Im nächsten Schritt wird dann gemeinsam mit dem Patienten entschieden, welche weiterführende Therapie gewünscht wird. Es kommen zwei grundlegende Strategien in Frage: die Wiederherstellung des normalen Rhythmus (Rhythmuskontrolle) und die reine Optimierung der Herzfrequenz (Frequenzkontrolle). Für welche Strategie man sich entscheidet, hängt ganz entscheidend von den geäußerten Beschwerden ab. So ist bei einem Patienten mit keinen ohne nur minimalen Beschwerden ein Akzeptieren des Vorhofflimmerns sinnvoll. In diesem Fall wird lediglich sichergestellt, dass die Pulsfrequenz nicht zu hoch oder zu niedrig ist. Typische Medikamente zur Optimierung eines zu schnellen Vorhofflimmerns (oder Tachyarrhythmia absoluta genannt) sind β-Blocker.

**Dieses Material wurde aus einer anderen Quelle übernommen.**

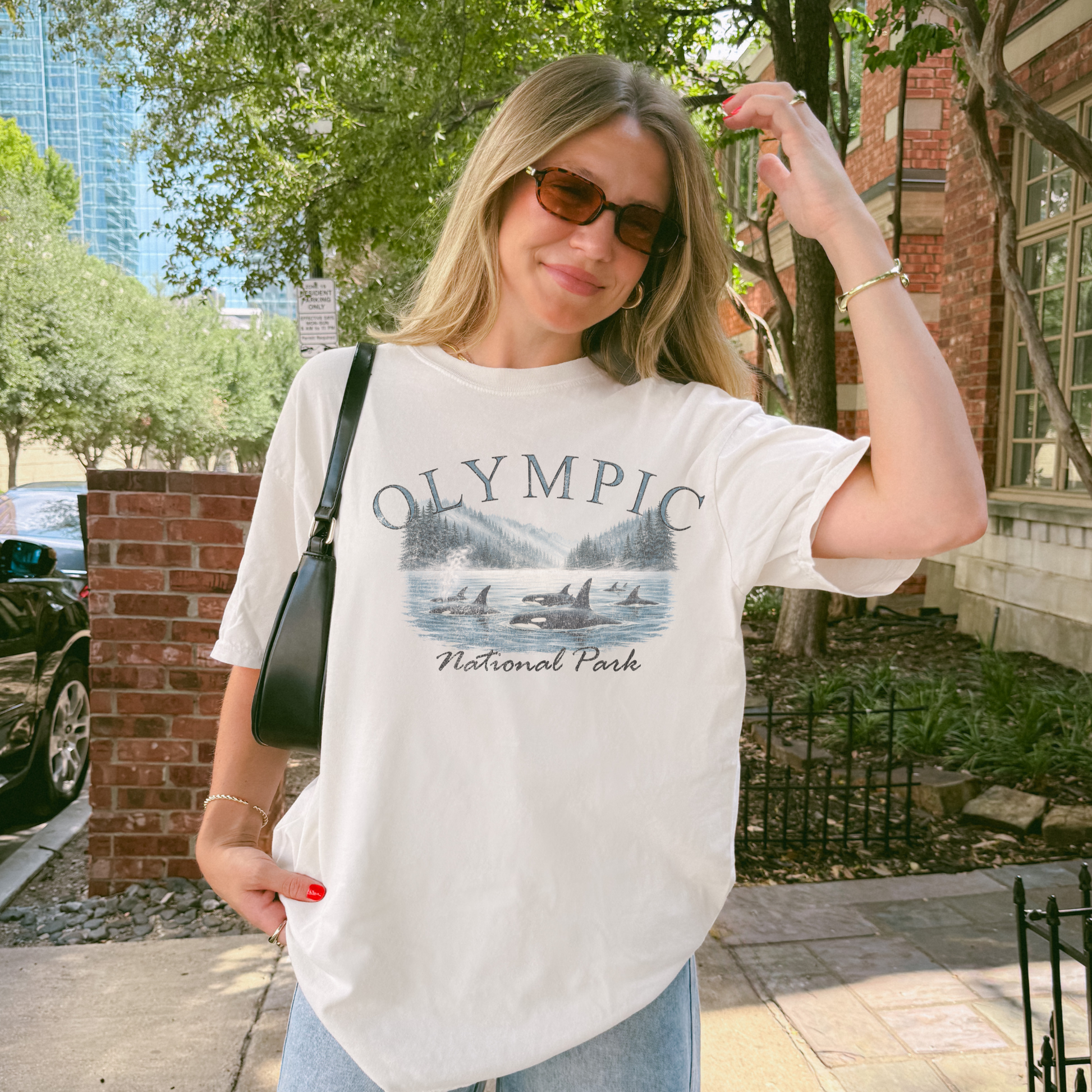 This tee feels like a vintage find from a 90s Olympic National Park gift shop. The artwork shows orcas swimming through cool blue water with forested mountains rising in the background.

Leidet ein Patient jedoch unter starkem Herzstolpern oder -rasen, klagt über eine eingeschränkte körperliche Belastbarkeit oder ausgeprägte Kurzatmigkeit während des Vorhofflimmerns, so sollte zu einer Rhythmuskontrolle (also den Erhalt des normalen Sinusrhythmus) geraten werden. Hier wird in der Regel, wenn das Vorhofflimmern nicht spontan terminiert, eine Elektroschocktherapie durchgeführt werden. Dabei wird der Patient unter kurzen Narkose wieder in den normalen Rhythmus versetzt. Anschließend wird mit einer spezifischen antiyarrhythmischen Therapie der Erhalt des normalen Rhythmus unterstützt und das erneute Auftreten von Vorhofflimmern vermieden. Dabei kommen z.B. Medikamente wie Amiodaron, Dronedarone, Sotalol, Flecainid oder Propafenon zum Einsatz.

Versagen Medikamente, wird die Katheterablation erwogen

Kommt es dennoch zu erneuten symptomatischen Vorhofflimmer-Rezidiven, sollte im folgenden Schritt auch eine Katheterablation der Herzrhythmusstörung (sog. Pulmonalvenenisolation) nachgedacht werden. Maßgeblich für den dauerhaften Erfolg der Rhythmus-erhaltenden Therapie sind z.B. Faktoren wie die Dauer des Vorhofflimmerns, das Vorhandensein einer Schlafapnoe oder eines Bluthochdrucks, die Herzfunktion, die Größe der Herzkammern und –vorhöfe sowie das Vorliegen von relevanten Herzklappenfehlern. Hier müssen alle Aspekte sorgfältig abgewogen werden und mit dem Patienten gemeinsam eine Entscheidung über das Vorgehen getroffen werden. Dabei sollte berücksichtig werden, dass sich mit zunehmender Dauer des Vorhofflimmerns Veränderungen am Herzen einstellen, die dem dauerhaften Therapieerfolg entgegenwirken. 

Als ultima ratio: ablate and pace

Nur wenn anderen Maßnahmen erschöpft wurden und man trotz aller Anstrengung ein hoch-symptomatisches Vorhofflimmern nicht kontrollieren kann, kommt die sogenannte ablate-and-pace Strategie zum Zuge. Dabei wird dem Patienten zunächst ein Herzschrittmacher eingesetzt und nach einer Einheilphase der AV-Knoten mittels Katheterverödung durchtrennt. Ist der AV-Knoten einmal durchtrennt, ist dies irreversibel und der Patient dauerhaft abhängig von seinem zuvor eingesetzten Herzschrittmacher, da die Hauptkammern andernfalls nur mit einer Pulsfrequenz von 20-40 Schlägen/min arbeiten würden. Vorteil dieser radikalen, als ultima ratio geltenden Strategie, ist, dass damit in den meisten Fällen auch hartnäckig und hochsymptomatischen Patienten geholfen werden kann.